Assignment
Begin at the line where "Rispetto alla norma" appears and reproduce exactly every line through the end of the data below, both included, skipping pictures.

Data excerpt
↓

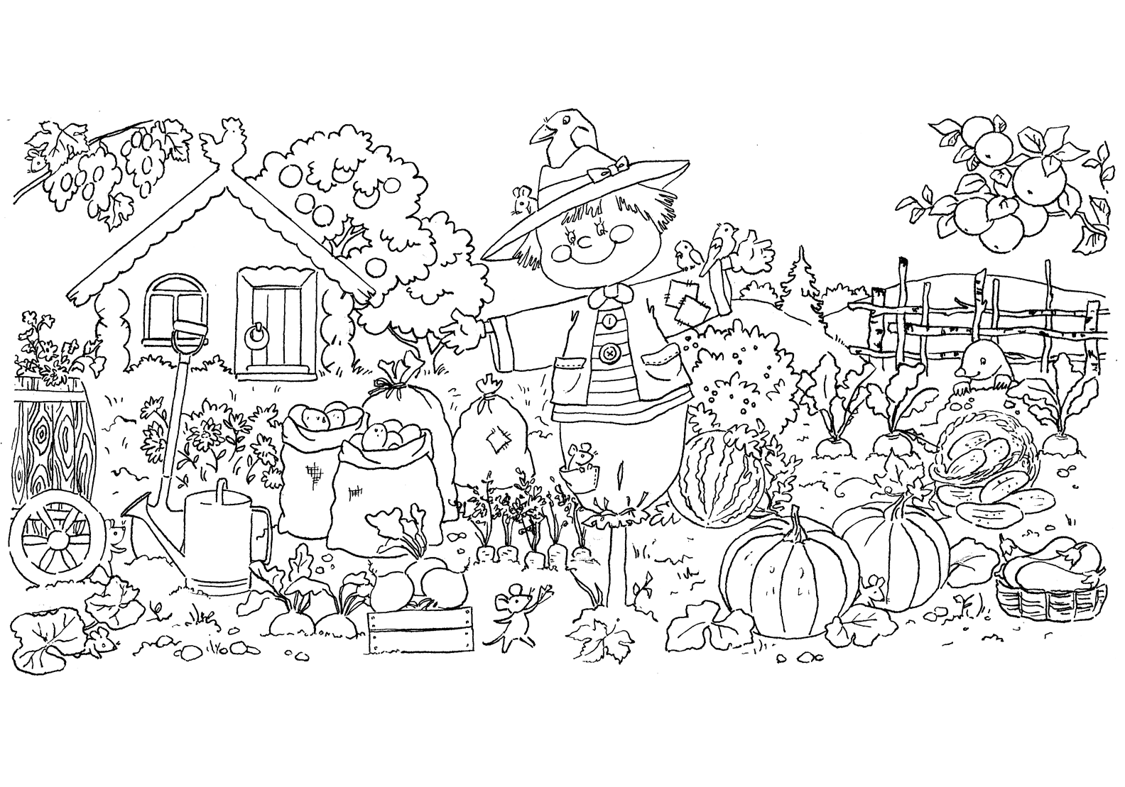 ![Огород для раскрашивания]()
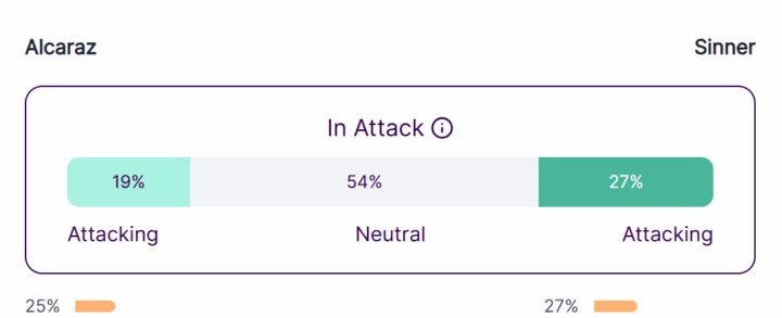 Rispetto alla norma Alcaraz è riuscito a impostare meno situazioni di attacco mentre Sinner ancora una volta è riuscito a stare in media e nella sua confort zone di attacco, senza andare fuori giri. Per capire se ci troviamo in una fase di attacco, neutralità o difesa vengono analizzate varie metriche:
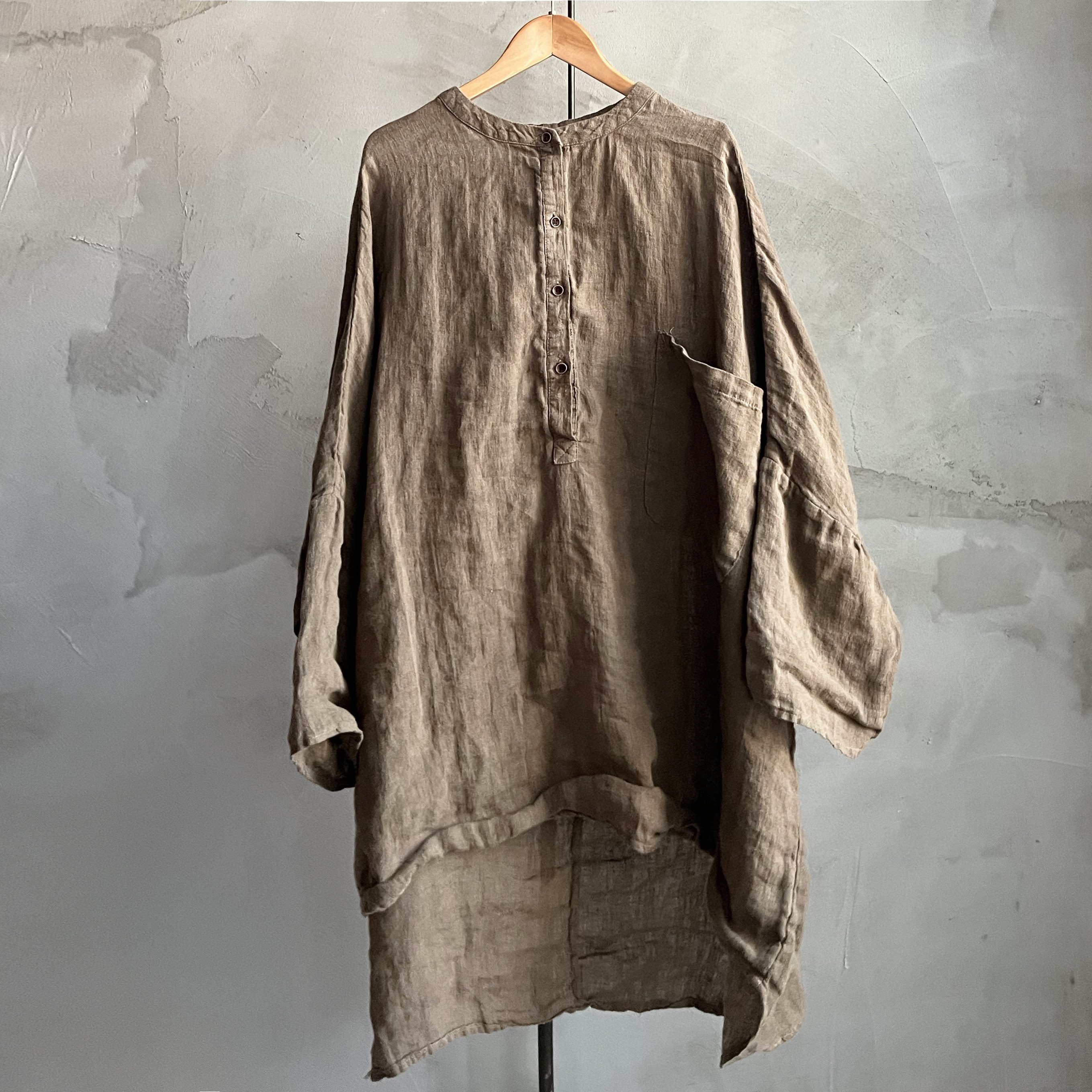 📚 沉香布衣草堂 套头衬衫亚麻长袍做旧原创2025春上衣大衫S25u03048

↑

Finished exercise
 Rispetto alla norma Alcaraz è riuscito a impostare meno situazioni di attacco mentre Sinner ancora una volta è riuscito a stare in media e nella sua confort zone di attacco, senza andare fuori giri. Per capire se ci troviamo in una fase di attacco, neutralità o difesa vengono analizzate varie metriche:
 📚 沉香布衣草堂 套头衬衫亚麻长袍做旧原创2025春上衣大衫S25u03048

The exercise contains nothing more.